Save the sentences into a json training file and a json dev file. This will save the file to the runtime local as well as the project data assets.

In [15]:
#Prepared and store Training dataset for Custom PII entities
test_list_faker = []
for i in range(0, 1000):
    test_list_faker.append(format_data())

with open('faker_PII_text_test.json', 'w') as f:
    json.dump(test_list_faker, f)
project.save_data('faker_PII_text_test.json', data=json.dumps(test_list_faker), overwrite=True)

{'file_name': 'faker_PII_text_test.json',
 'message': 'File saved to project storage.',
 'bucket_name': 'watsoncore-donotdelete-pr-olkxvfa8bk0pb1',
 'asset_id': '0059c8e9-2566-4288-a1c2-092dc29d418e'}

Since the data is already formatted correctly, the following process is needed to read the JSON data files from Watson Studio project assets and save them to the runtime working directory where they will be used as input for training the models.

In [16]:
train_data = dm.DataStream.from_json_array("faker_PII_text_train.json")
train_iob_stream = prepare_train_from_json(train_data, syntax_model)
dev_data = dm.DataStream.from_json_array("faker_PII_text_test.json")
dev_iob_stream = prepare_train_from_json(dev_data, syntax_model)

In [17]:
text = pd.read_json('faker_PII_text_test.json')['text'][1]
text

"My monthly Earning is 3225.81 and employee code is SG82184, I studied Master's in Engineering. \n        My credit card number is 630494306388 and social security number is 051-03-1802, I am Edward Frost"

<a id="NLPModels"></a>
### 4. Watson NLP Models

<a id="BILSTMFINE"></a>

### 4.1 BiLSTM Fine-tuned

In [14]:
#Fine-Tune BiLSTM model using Custom PII
bilstm_custom = bilstm_model.train(train_iob_stream, 
                                   dev_iob_stream, 
                                   embedding=glove_model.embedding,
                                   num_train_epochs=5,
                                   num_conf_epochs=5, 
                                   checkpoint_interval=5, 
                                   learning_rate=0.005,
                                   lstm_size=16, 
                                  )



In [15]:
#Save the Trained block model as a workflow model 
from watson_nlp.workflows.entity_mentions.bilstm import BiLSTM 

mentions_workflow = BiLSTM(syntax_model, bilstm_custom)

In [16]:
project.save_data('bilstm_pii_workflow_custom', data=mentions_workflow.as_file_like_object(), overwrite=True)

{'file_name': 'bilstm_pii_workflow_custom',
 'message': 'File saved to project storage.',
 'bucket_name': 'watsoncore-donotdelete-pr-olkxvfa8bk0pb1',
 'asset_id': '7d7b852c-8369-40bc-9e90-a42cd59aae5a'}

In [18]:
# Run the BILSTM workflow model
bilstm_result = mentions_workflow.run(text)

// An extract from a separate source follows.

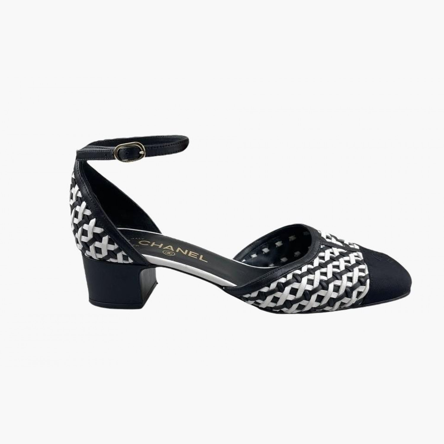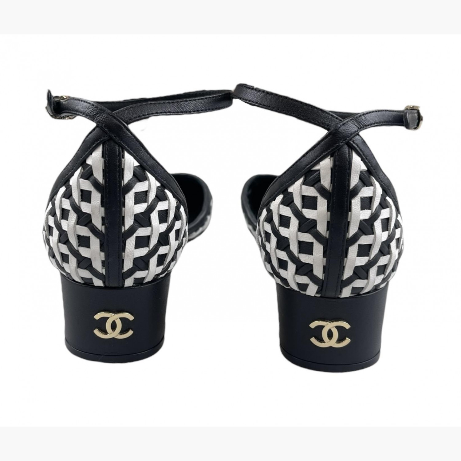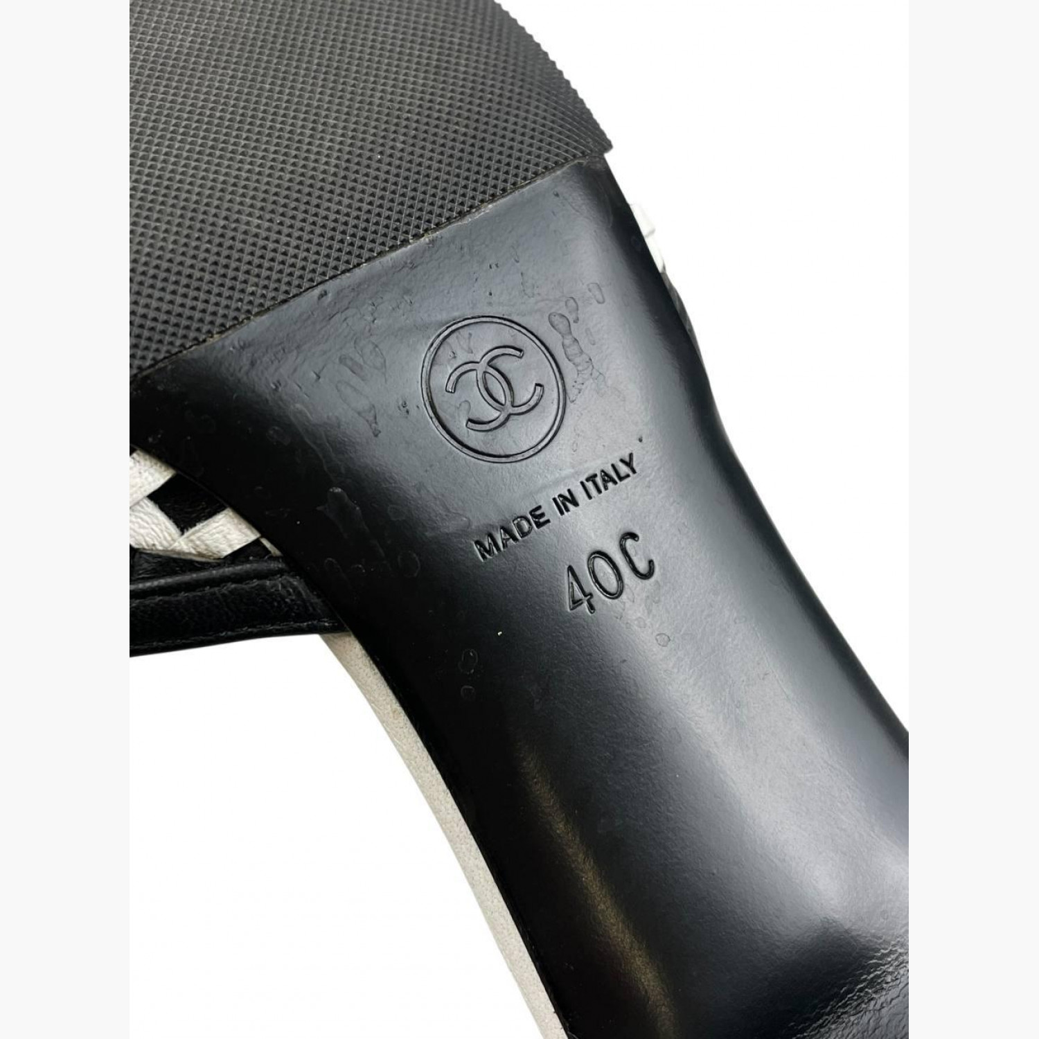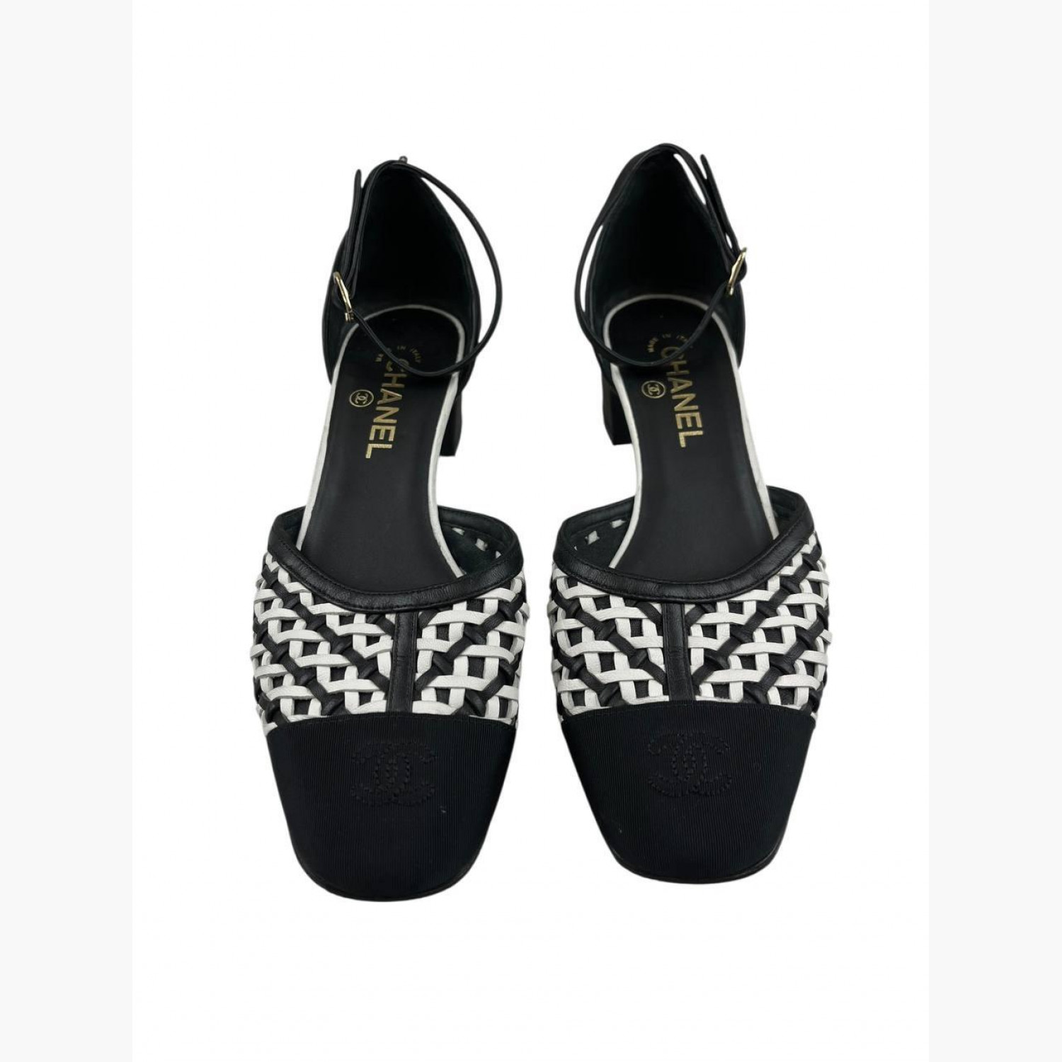 Black and white woven sandals with a round toe. In good condition, with wear marks.

for i in bilstm_result.mentions:
    print("Text: ", i.span.text.ljust(15, " "), "Type: ", i.type)

Text:  847-03-6699     Type:  SocialSecurityNumber
Text:  2284972848170547 Type:  CreditCardNumber
Text:  Mark Davis      Type:  Name
Text:  US15892         Type:  employee_id
Text:  Doctorate       Type:  degree_level
Text:  Engineering     Type:  field_of_study
Text:  2508.64         Type:  salary


Now you are able to run the trained models on new data. You will run the models on the test data so that the results can also be used for model evaluation.

Watson NLP includes methods for quality testing supported models. Given a model and test data, a quality report can be generated. The following example includes the steps required to generate a quality report for a BiLSTM entity mention extactor model. The same example can be applied to any entity mention extractor model.

In [116]:
# Execute the model and generate the quality report
preprocess_func = lambda raw_doc: syntax_model.run(raw_doc)
quality_report = bilstm_custom.evaluate_quality('faker_PII_text_test.json', 
                                               preprocess_func)

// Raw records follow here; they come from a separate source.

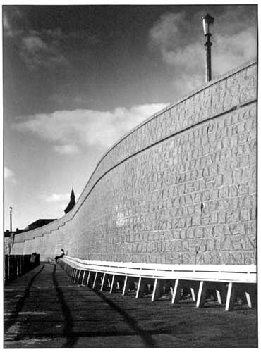 Part of the original fortifications of the Old Town, this wall has a most majestic sweep to it. The Council have provided a bench that runs the length of the wall. This bench is well used on summer evenings by those enjoying the last warm rays of the sun, whilst overlooking the view of the small harbour by the Old Town itself. Even here, however, the dockside cranes are not too far away. |
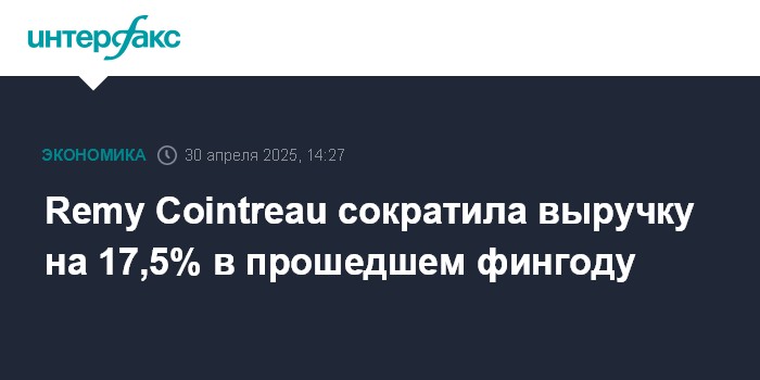 Москва. 30 апреля. INTERFAX.RU - Французский производитель алкогольной продукции Remy Cointreau SA снизил выручку в 2024-2025 финансовом году на 17,5%, в том числе из-за сокращения продаж коньяка.
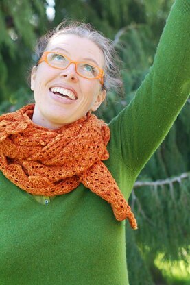 This pattern includes 2 versions - the fully patterned shawl, in worsted-ish weight yarn (the DK yarn used in the sample appears/acts more like a worsted weight), and a simple variation with lace patterns only around the edges and in the wedges, stockinette stitch filling the body, which is for any weight yarn and custom sizable.
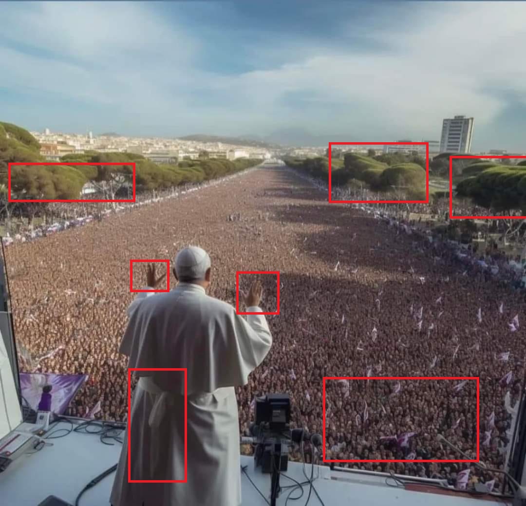 - وجوه ضبابية، غير واضحة ازدحمت امام البابا. والى الجانبين اشجار شمعية، ضبابية. وهذه التفاصيل اشرنا اليها بالأحمر في الصورة ادناه.
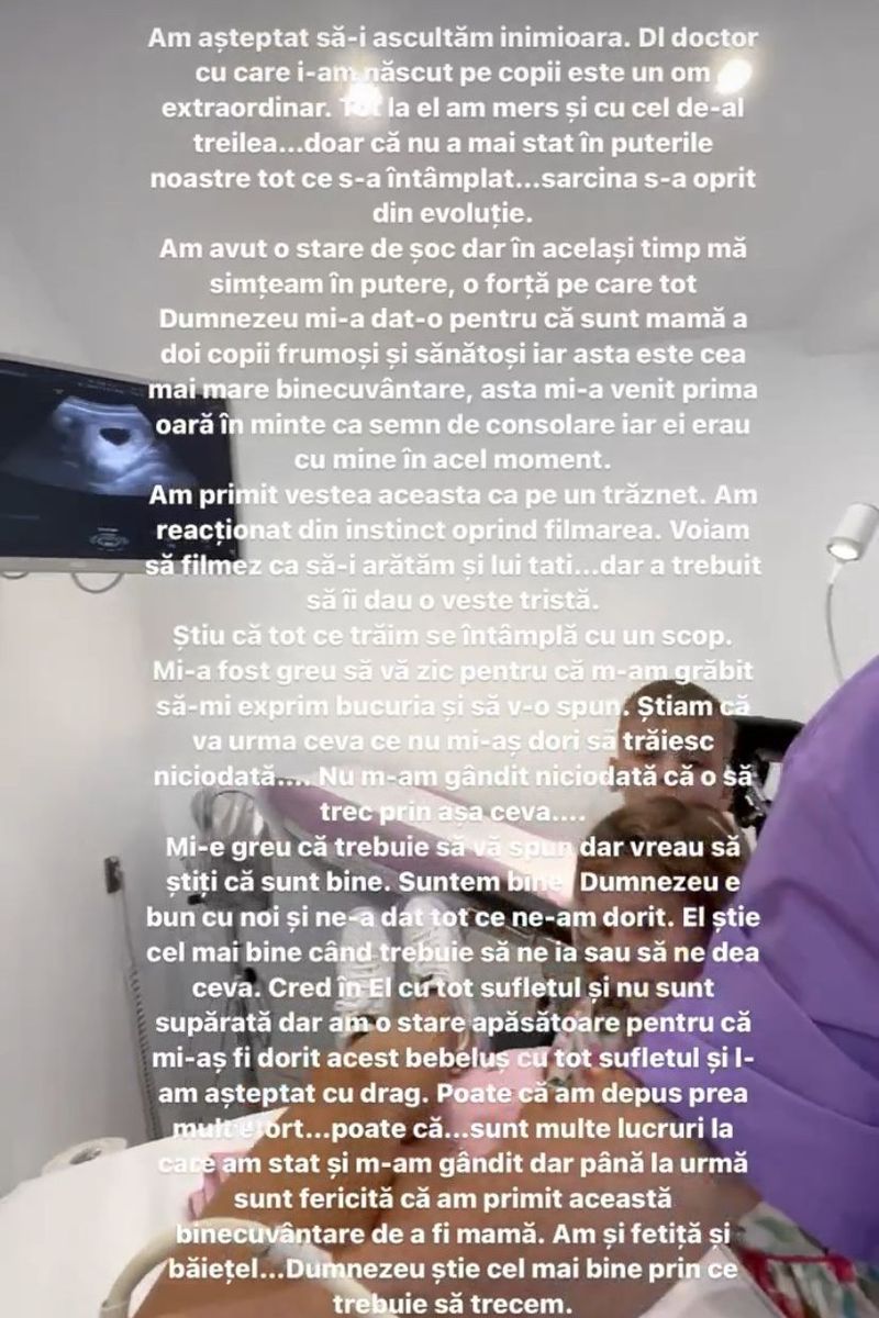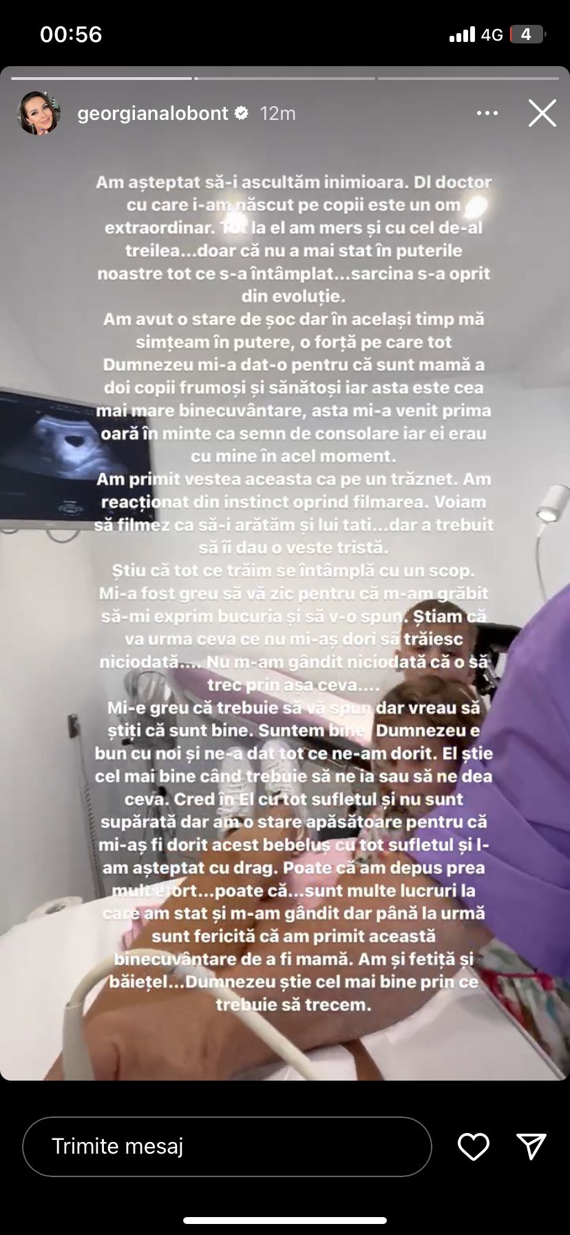 Mi-e greu că trebuie să vă spun dar vreau să știți că sunt bine. Suntem bine, Dumnezeu e bun cu noi și ne-a dat tot ce ne-am dorit. El știe cel mai bine când trebuie să ne ia sau să ne dea ceva. Cred în El cu tot sufletul și nu sunt supărată, dar am o stare apăsătoare pentru că mi-aș fi dorit acest bebeluș cu tot sufletul și l-am așteptat cu drag. Poate că am depus prea mult efort… poate că… sunt multe lucruri la care am stat și m-am gândit dar până la urmă sunt fericită că am primit această binecuvântare de a fi mamă. Am și fetiță și băiețel, Dumnezeu știe cel mai bine prin ce trebuie să trecem.”, a fost mesajul pe care l-a transmis Georgiana Lobonț fanilor din mediul online.

# Print the quality report
print(json.dumps(quality_report, indent=4))



{
    "per_class_confusion_matrix": {
        "salary": {
            "true_positive": 1000,
            "false_positive": 0,
            "false_negative": 0,
            "precision": 1.0,
            "recall": 1.0,
            "f1": 1.0
        },
        "CreditCardNumber": {
            "true_positive": 1000,
            "false_positive": 0,
            "false_negative": 0,
            "precision": 1.0,
            "recall": 1.0,
            "f1": 1.0
        },
        "employee_id": {
            "true_positive": 1000,
            "false_positive": 0,
            "false_negative": 0,
            "precision": 1.0,
            "recall": 1.0,
            "f1": 1.0
        },
        "field_of_study": {
            "true_positive": 1000,
            "false_positive": 0,
            "false_negative": 0,
            "precision": 1.0,
            "recall": 1.0,
            "f1": 1.0
        },
        "Name": {
            "true_positive": 1000,
            "false_positive": 0,
         

<a id="SIRETune"></a>

### 4.2 SIRE Fine-tuned


In [21]:
#help(watson_nlp.blocks.entity_mentions.SIRE)

In [18]:
#Fine-Tune SIRE using custom PII
sire_custom = watson_nlp.blocks.entity_mentions.SIRE.train(train_iob_stream, 
                                                           'en', 
                                                           mentions_train_template,
                                                           feature_extractors=[default_feature_extractor])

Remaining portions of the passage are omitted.